‘The medium is the message.’
This is what McLuhan once said. Before the advent of McLuhan’s theory, communication held a platonic idea of opposites, it was believed that the medium of spreading knowledge and information was more influential than the content.
However, McLuhan broke down the opposing view of ideas, and states that the medium is no longer a bridge between man and nature or substance, it is nature and substance.
Taking cinema as an example, he argues that the medium’s treatment of the concepts of speed and time transforms the world of sequences and links into one that is configured and constructed according to creativity. The message of the film medium itself is thus a transition from ‘sequential links’ to ‘configuration’.

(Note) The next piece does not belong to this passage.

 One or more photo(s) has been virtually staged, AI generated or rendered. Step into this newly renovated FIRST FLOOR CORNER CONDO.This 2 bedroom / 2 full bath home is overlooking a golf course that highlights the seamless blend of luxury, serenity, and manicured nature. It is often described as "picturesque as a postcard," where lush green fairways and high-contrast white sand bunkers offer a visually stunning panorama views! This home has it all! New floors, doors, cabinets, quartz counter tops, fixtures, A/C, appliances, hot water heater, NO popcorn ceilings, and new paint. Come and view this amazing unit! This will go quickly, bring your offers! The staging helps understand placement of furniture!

Thus, based on the idea that the medium itself is the message, McLuhan suggests that rather than focusing on the content of the media, it is better to focus on the ‘form’ of the media’s communication.
In Masterminds, a real-life robbery is told. The main message is not the content, or the story of the film itself. Rather, it is the fact that the film brings this similar crime to society in a comedic form, thus changing the public’s attitude towards crime.

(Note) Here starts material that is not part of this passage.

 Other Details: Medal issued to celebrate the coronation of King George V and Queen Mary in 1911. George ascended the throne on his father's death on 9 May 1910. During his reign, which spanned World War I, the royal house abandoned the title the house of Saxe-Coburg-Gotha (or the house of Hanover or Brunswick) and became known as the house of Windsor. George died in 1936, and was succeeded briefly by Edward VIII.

Thus, in ‘Understanding the Media theory’, McLuhan describes the content contained in the media as a piece of fresh meat carried by a thief as a watchdog to distract people’s minds (1967). This means the people tend to stick to the obvious when they get their messages through the media, but in the process they largely miss out on some of the structural changes.
When ways of doing things and norms change because of technology, we realise the impact of the media on society.
New Medium
The new media electronic age is understood to offer salvation because it provides a new, more diverse and multi-sensory environment. We use more senses with ‘multimedia’ than with other single media forms (2000). By using more senses, a more realistic state of nature can be presented. Thus, all technologies seek to expand human capabilities and senses in some way.

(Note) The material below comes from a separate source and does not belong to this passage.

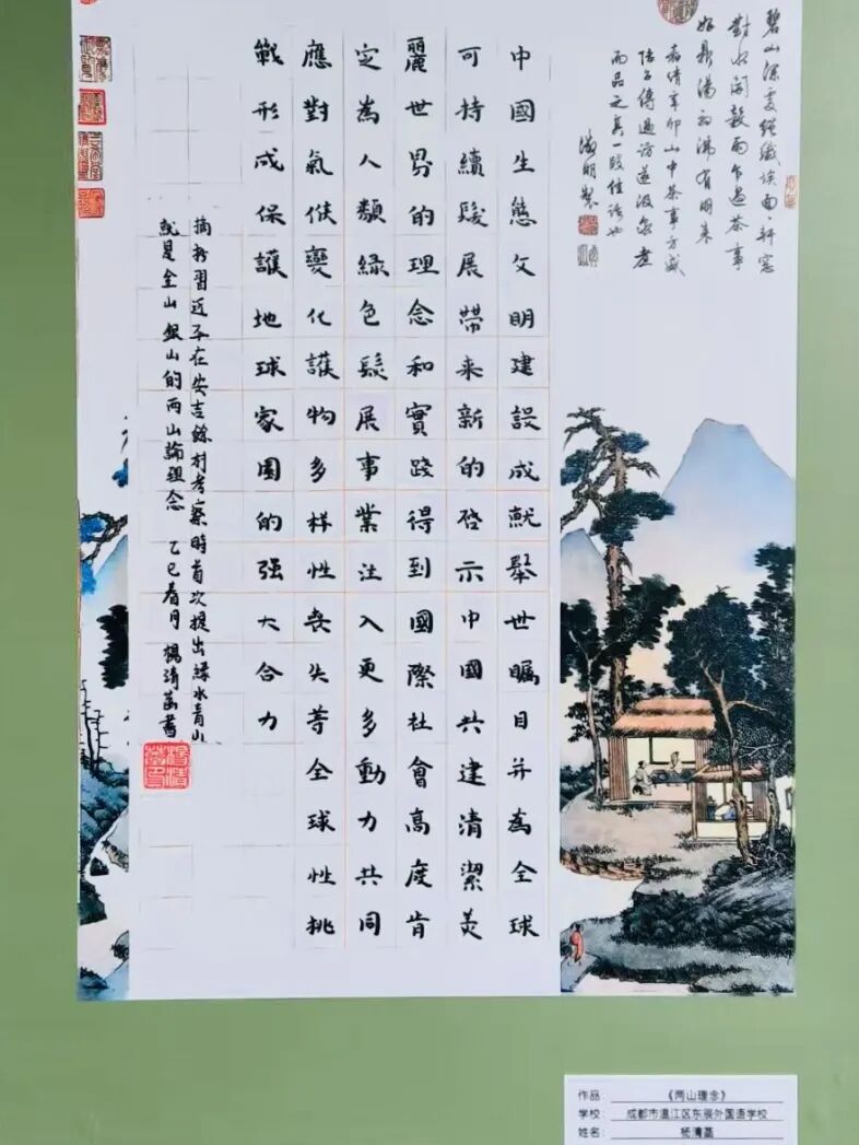 在“蜀风雅诵 天府丹青”第三届成都市青少年书画传习大会中,刘思言、杨清菡等2位同学的作品入展温江区作品展,其中杨清菡同学晋级市决赛。

The medium influences people’s thinking
The impact of new media on our perceived lives is not to change our thinking, but to change the structure of our world.
The shift from visual to electronic media, however, sees us lose the individual fragmented nature of print culture.
In Joker 2, a lot of footage is given to TV. All the audience watches is how the medium of television in the film tells the story of the Joker. But it is through this medium that the original Joker 1 story of the confrontation between rich and poor and class antagonisms is adapted into the desperate struggle of the hero’s performative personality. The part of Joker 1 that is a plea for rebellion against society becomes a plea for love.
Thus, the plot of Joker 2 is empty and vapid, and the deviance in the film’s plot is amplified and distorted through the medium. In great contrast to Joker 1 – there is no introspection of society, structured for a reason.
As a result, society enters a new era – one of shared groupthink, however, this is not a good thing because its a system of control and is entrenched in the world.
References
McLuhan, M., 1967. The medium is the massage. A Benthm Bbook.
Bolter, J.D. and Grusin, R., 2000. Remediation: Understanding new media. mit Press.